Wednesday, February 25, 2009

Slow and Steady

We've been working away on implementing the bilateral symmetry filter from Kovesi. He has Matlab code available to perform the operation which we have been translating into OpenCV/C++ code. This process takes a while since even the simplest lines in Matlab can take ten times as much code to write in C++. This is approximately half way done at this point.

In addition to this code translation, we have been doing more research on symmetry and have found several other papers that deal with the subject in relation to visual attention. Two of the papers we are reading explicitly mention Itti and Koch and contrast their symmetry methods with Itti et al.

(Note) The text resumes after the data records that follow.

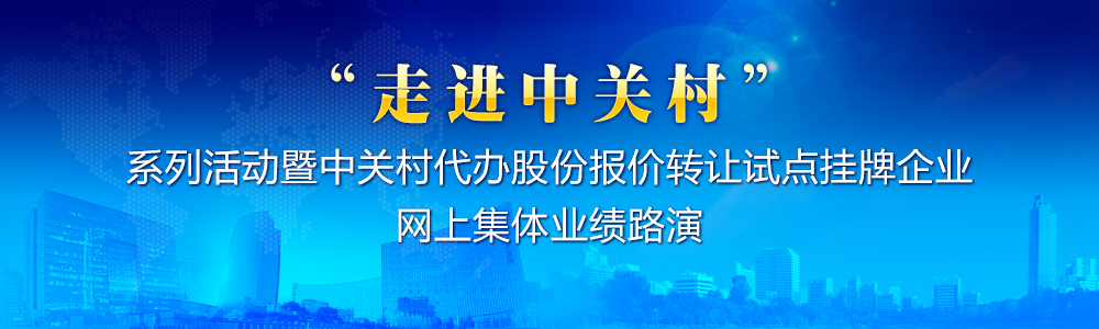 为推动中关村国家自主创新示范区代办系统挂牌企业做好投资者关系管理工作,加强与广大投资者的沟通联系,切实提高园区挂牌企业透明度和公司治理水平,向市场集中展示中关村国家自主创新示范区挂牌企业规范、诚信、创新的整体风貌。中关村管委会联合北京市金融工作局,借助投资者关系互动平台,举办“走进中关村”系列活动暨中关村代办股份报价转让试点挂牌企业网上集体业绩路演活动,本次活动由深圳证券信息有限公司和北京中关村科技创业金融服务集团有限公司承办。代办挂牌企业与投资者通过网络在线交流,就2010年年报、公司治理、发展战略、经营状况、融资计划、股权激励、可持续发展等投资者所关心的问题,通过互动平台与投资者进行“一对多”形式的沟通。
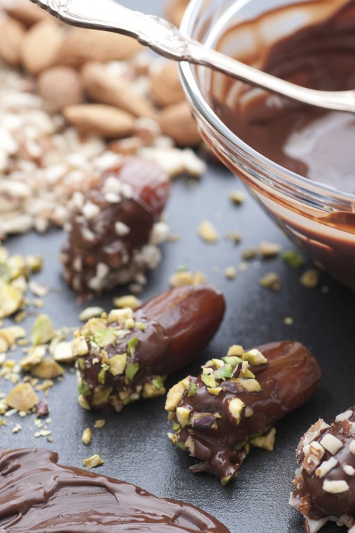 Dadels, oh, we kunnen ze blijven snoepen. Vooral die heerlijke verse Medjoul-dadels van de Turkse winkel. Voor dit recept kun je verse, maar ook gedroogde gebruiken. Heerlijk gedipt in chocolade en bestrooid met nootjes; perfect voor bij de (Arabische) koffie!
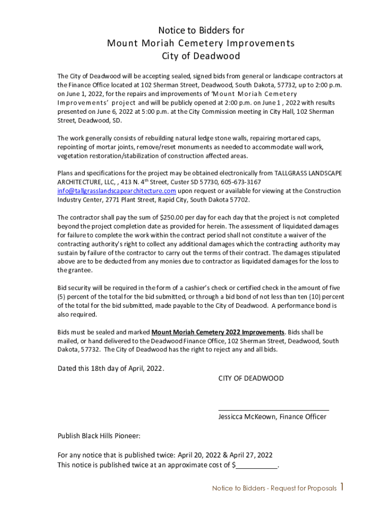 Notice to Bidders for Mount Mariah Cemetery Improvements City of Deadwood The City of Deadwood will be accepting sealed, signed bids from general or landscape contractors at the Finance Office located
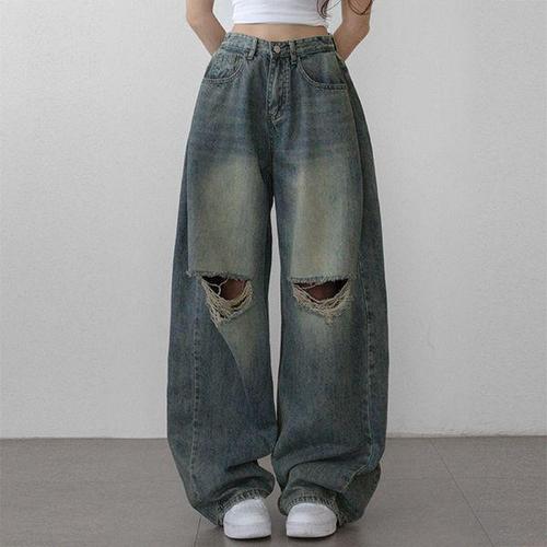 1+1 하이웨스트 빈티지 블루커브 데님 팬츠 여성 스트레이트 와이드진
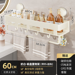 ZB吸盘浴室架60cm带钩杆-奶白色
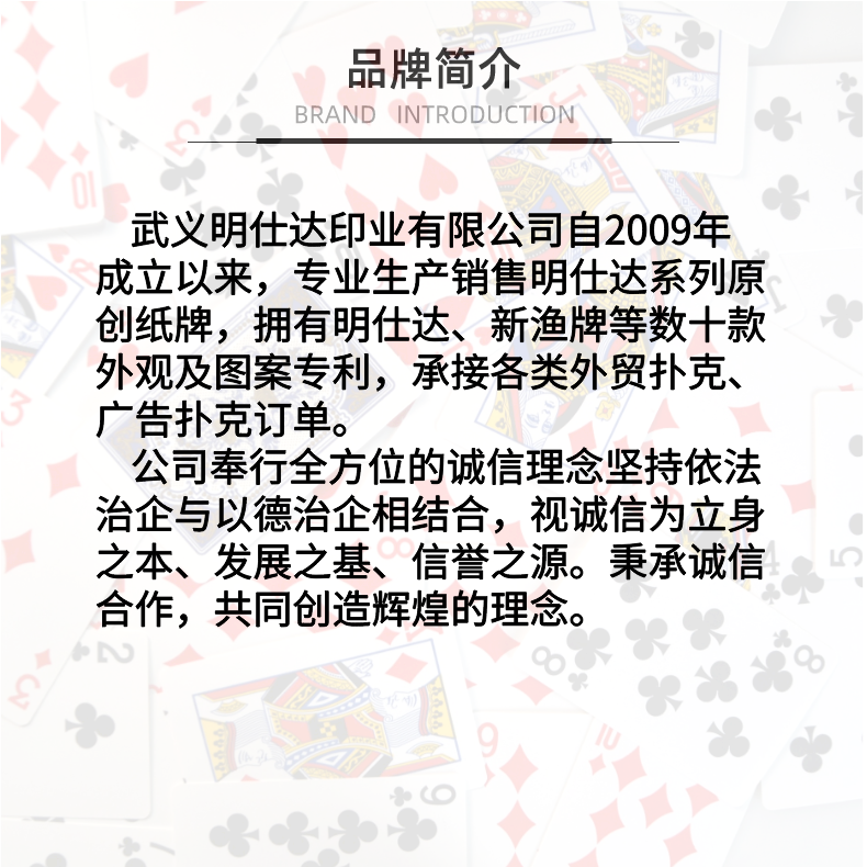 厂家直销明仕达扑克纸牌便宜批发50副100副耐用正品新款棋牌室
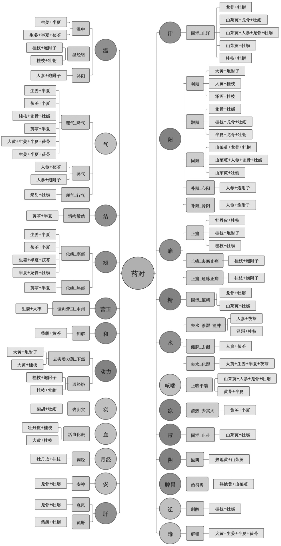 这个方子是一个寒热性平均但补性很强的方剂,值得注意的是其药物动力学上的收性和降性特别强,这是因为有潜阳的药物如龙骨、牡蛎在其中,并且很多补性的药物也都带有收性和降性。
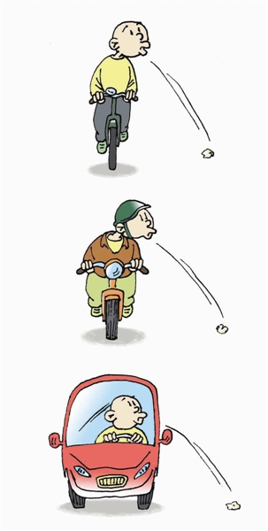 可以想象的是,乞丐吐一口痰,和国王吐一口痰,其影响及受关注度会有很大差异。同样的问题,骑自行车的、开摩托车的和驾驶小汽车的同样吐一口痰,给人们的视听冲击也会有巨大差异。更值得关注的是,这事在不同时间里出现在同一人身上。
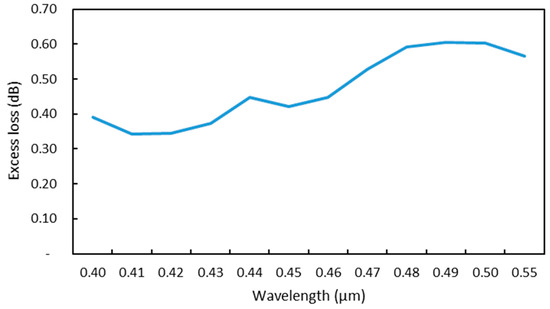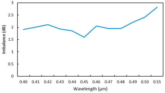 where is the total optical output power, and is the optical power injected into the input waveguide. and are the lowest and highest optical power values at the eight output ports. Based on this calculation, it was determined that the power splitter has an excess loss of 0.46 dB and yields a maximum power imbalance of 0.51 dB at λ = 0.45 µm. Furthermore, the effects of the operating wavelength variation on excess loss and imbalance were also observed, the results for the TE mode polarization are shown in Figure 10 and Figure 11.
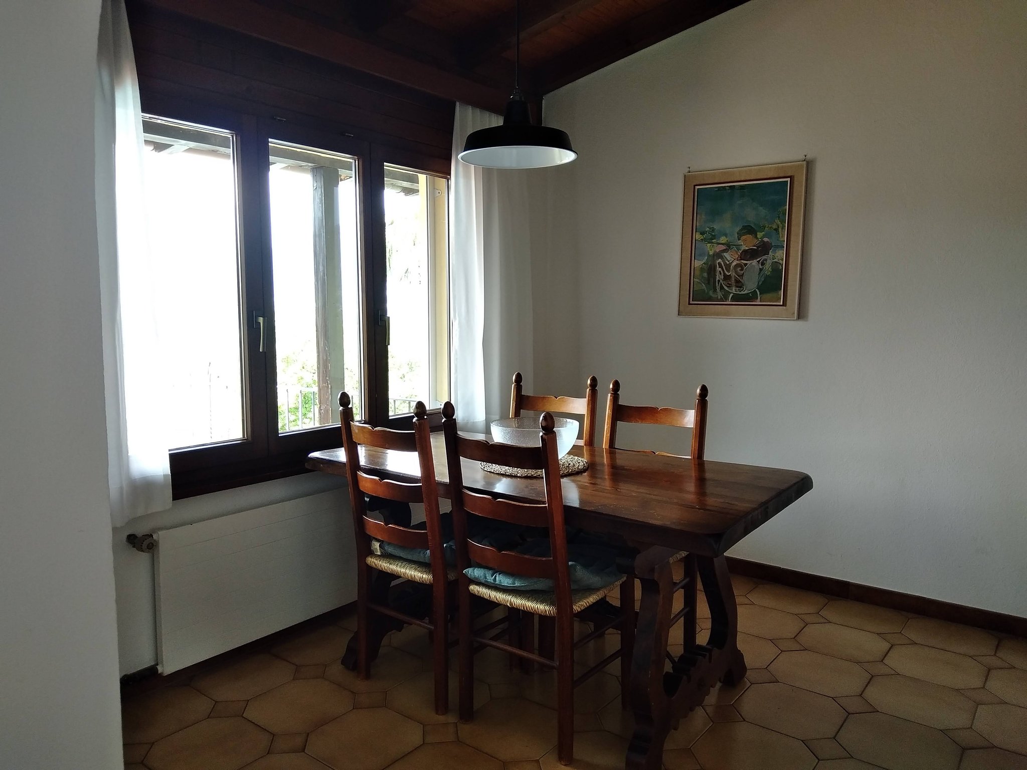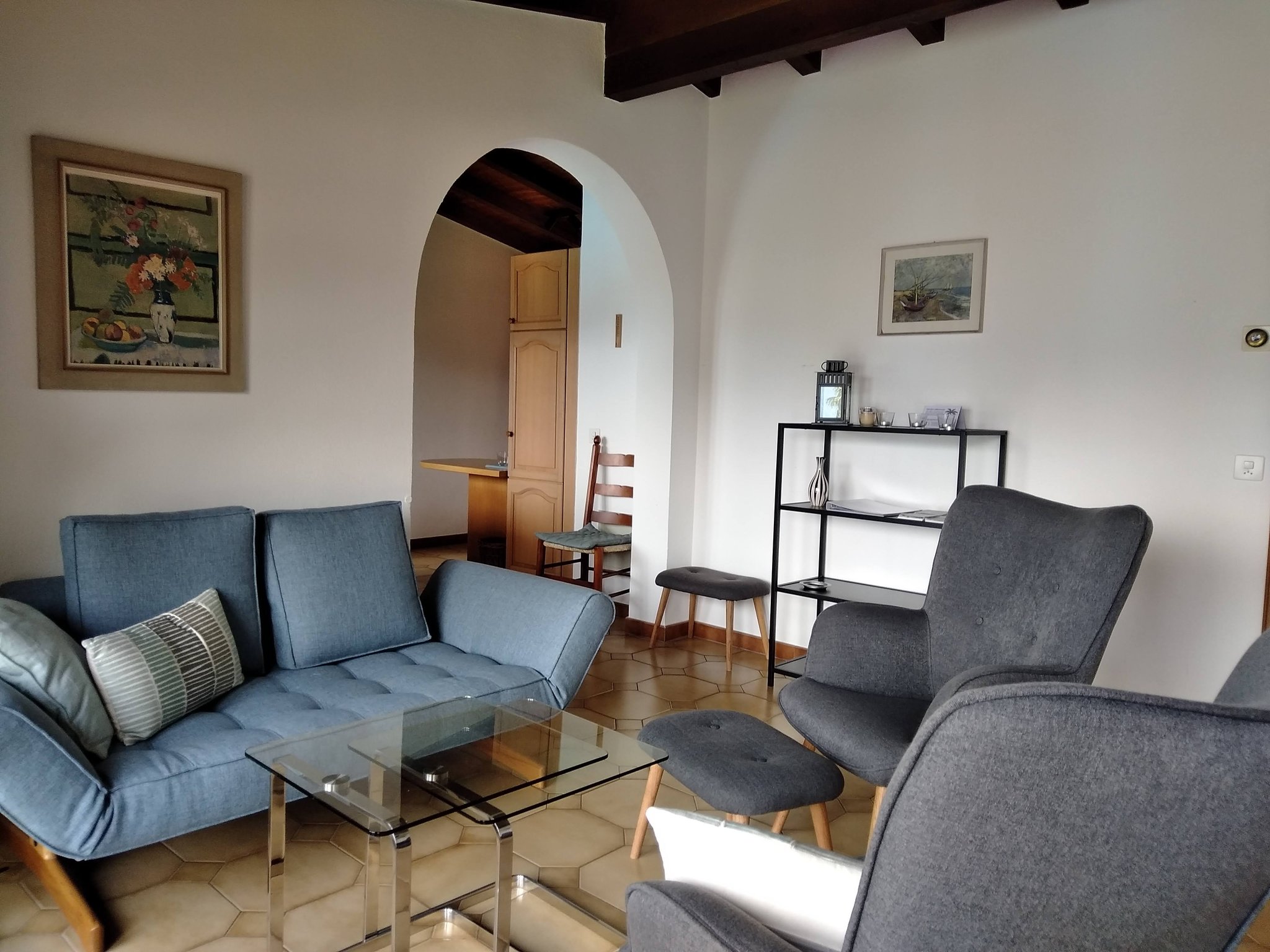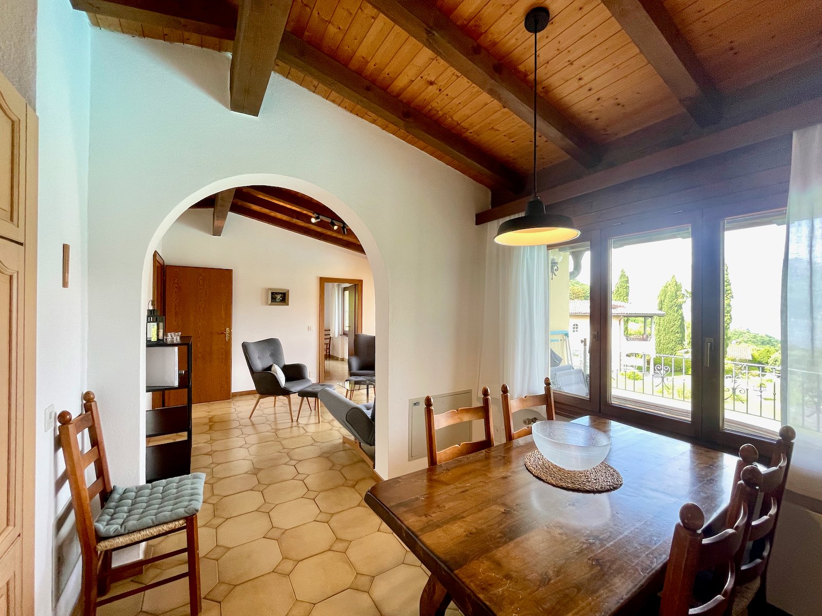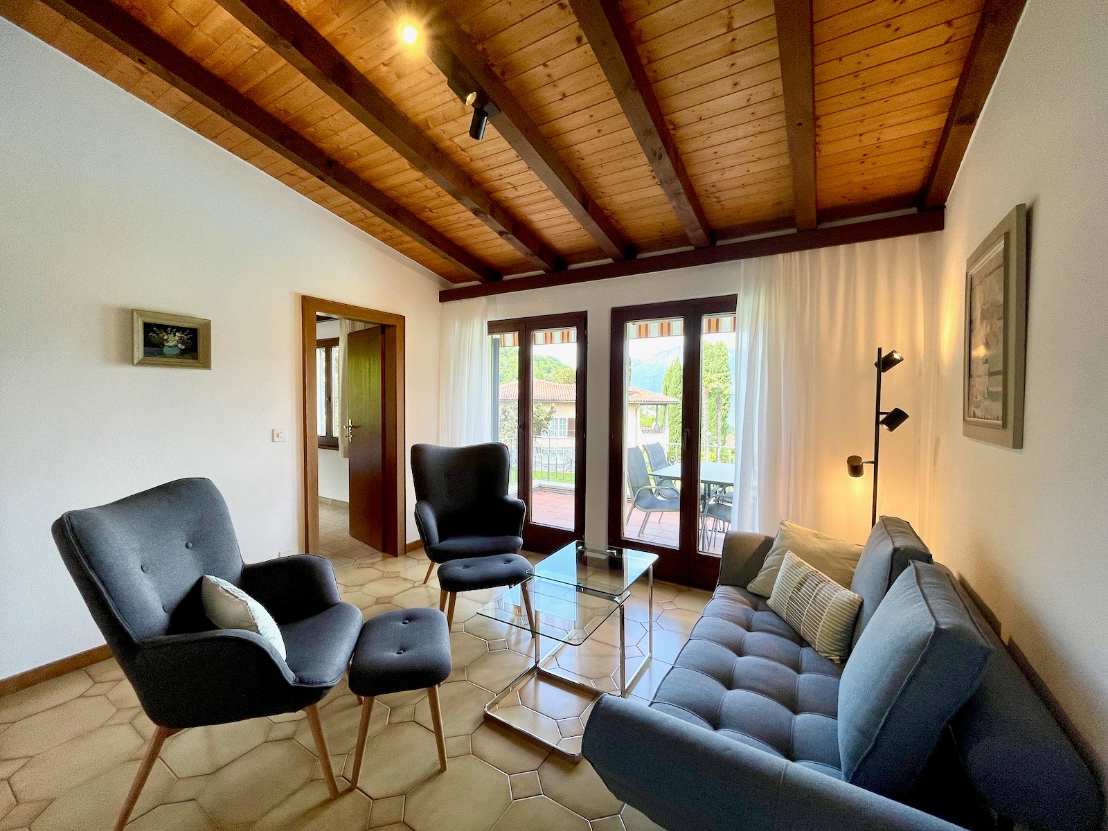 Die Wohnung "Camelia" ist im Obergeschoss vom Garten aus gesehen im Hausteil rechts. Es ist eine Dachwohnung mit Sichtbalken. Sie verfügt über einen ansprechenden Wohnraum und einen Essplatz mit offener Küche.Die grosse Terrasse mit fantastischer Aussicht wird sie begeistern. 2 Schlafzimmer, eines mit Doppelbett und eines mit einem Einzelbett sowie einem Stockbett bieten platz für 4 Erwachsene Personen oder für 2 Erwachsene mit 2-3 Kinder.

I fixed some bugs in our normalization code so the final maps that resulted from doing operations using integers instead of floats, so our results look like normal saliency maps now. The DoG filter code we implemented based upon Walther's saliency toolbox still doesn't give us the kind of results we would like - often the images will come out black after being fed through the filter or will only have one very intense region of marginal importance. So there are still some bugs to work out with that filter, but otherwise things are moving smoothly and our results look good.

Our plans for wrapping up the project include fully implementing this bilateral symmetry filter and fixing any normalization quirks in the code. We then aim to perform a small experiment asking participants to rate our saliency maps against other methods.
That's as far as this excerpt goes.